It is important to understand that competitor analysis is an effective way to assess the goals of competing companies by identifying their weaknesses and strengths. It allows them to clarify opportunities and take into account the dangers that are associated with a particular business activity (Gupta et al., 2016). A thorough analysis of actions will be helpful in developing optimal solutions and actions for the successful development of the company in the automotive market. Effective building of a business strategy largely depends on the ability to predict the reactions of a company’s competitors to certain events, and business analysis can reliably support the given notion.

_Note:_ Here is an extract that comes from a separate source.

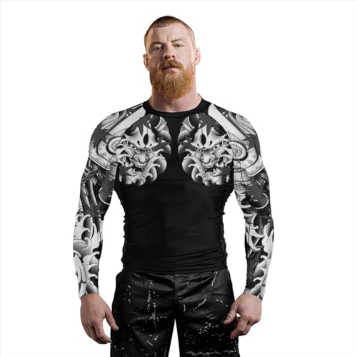 Fabric type: 85% Polyester, 15% SpandexCare instructions: Machine WashOrigin: ImportedNeck style: Crew NeckBENDABLE CONSTRUCTION: Constructed from 85% Polyester and 15% Spandex blend that bends and moves freely with you for unrestricted mobility.MOISTURE WICKING CONTROL: Quick-dry fabric actively pulls sweat away from skin keeping you cool and dry during intense intense training in this mens jiu jitsu rash guard.FADE-RESISTANT PRINTS: Innovative printing technology keeps the unique, eye-catching graphics on this compression rash guard vividly colored and resistant to fading.LIGHTWEIGHT STREAMLINED ATHLETIC FIT: The ergonomic slim fit silhouette of BJJ samurai ranked rash guard feels lightweight and enables full mobility perfect for combat sports.COMFORT & VERSATILITY ACROSS SPORTS: Performs excellently during MMA, BJJ, Jiu-Jitsu, No-Gi Grappling, Muay Thai, Gym and more activitiesm in this compression shirt. Perfect for everyday use. High quality materials and excellent craftsmanship ensure long-lasting durability.
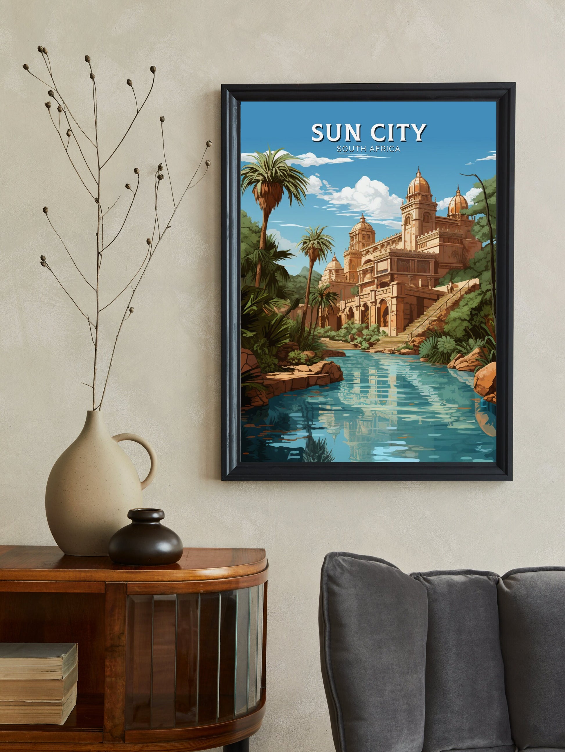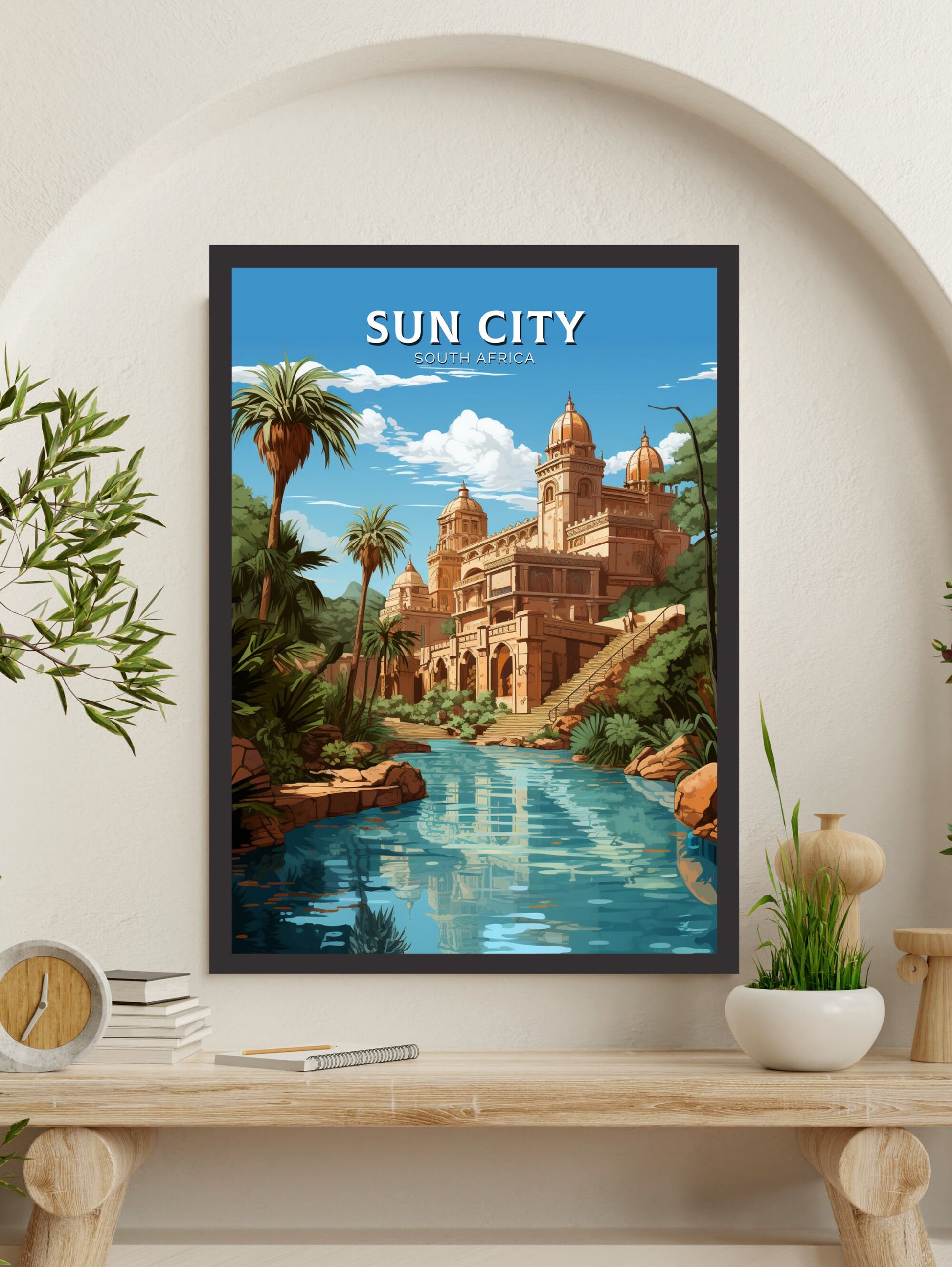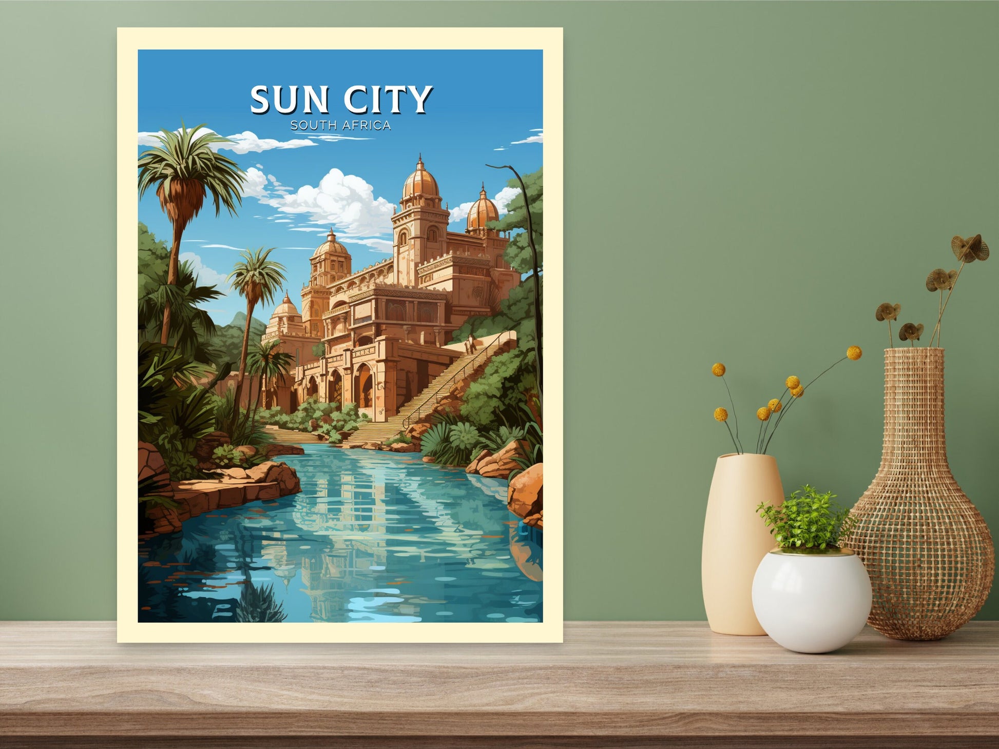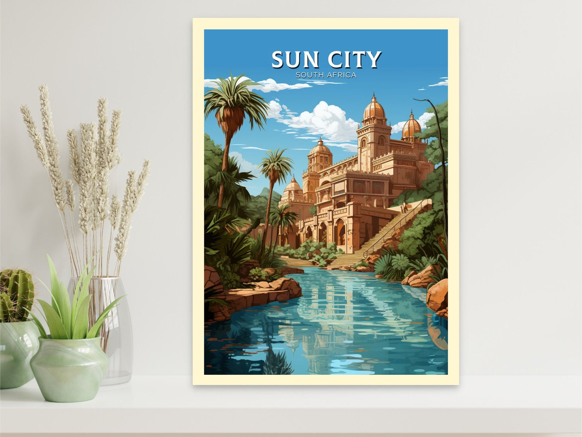 Notre affiche vintage Sun City plonge votre intérieur dans le charme glamour de Sun City, en Afrique du Sud, grâce à son design nostalgique. Idéale pour les passionnés de voyages et d'art rétro, elle capture le somptueux complexe hôtelier et l'emblématique Palais de la Cité Perdue dans un style intemporel. Que vous ayez visité sa splendeur ou rêvé de son charme, cette affiche vintage Sun City sera un atout déco exceptionnel.

Decision Making in the Automotive Industry

First and foremost, business analysis informs the decision-making process. Therefore, to gain a deeper understanding of its role in the automobile industry, one needs to investigate how decisions are made in this field. Sissoko et al. (2018) write that akin to any other industry, car manufacturing requires a series of decisions, each of which is supported by data, modeling, and simulation. Monfared et al. (2002) emphasize the importance of the decision-making process: according to the researchers, modern manufacturing enterprises are forced to accommodate the continual change. If they are not able to do it, they risk becoming irrelevant and losing their competitive edge.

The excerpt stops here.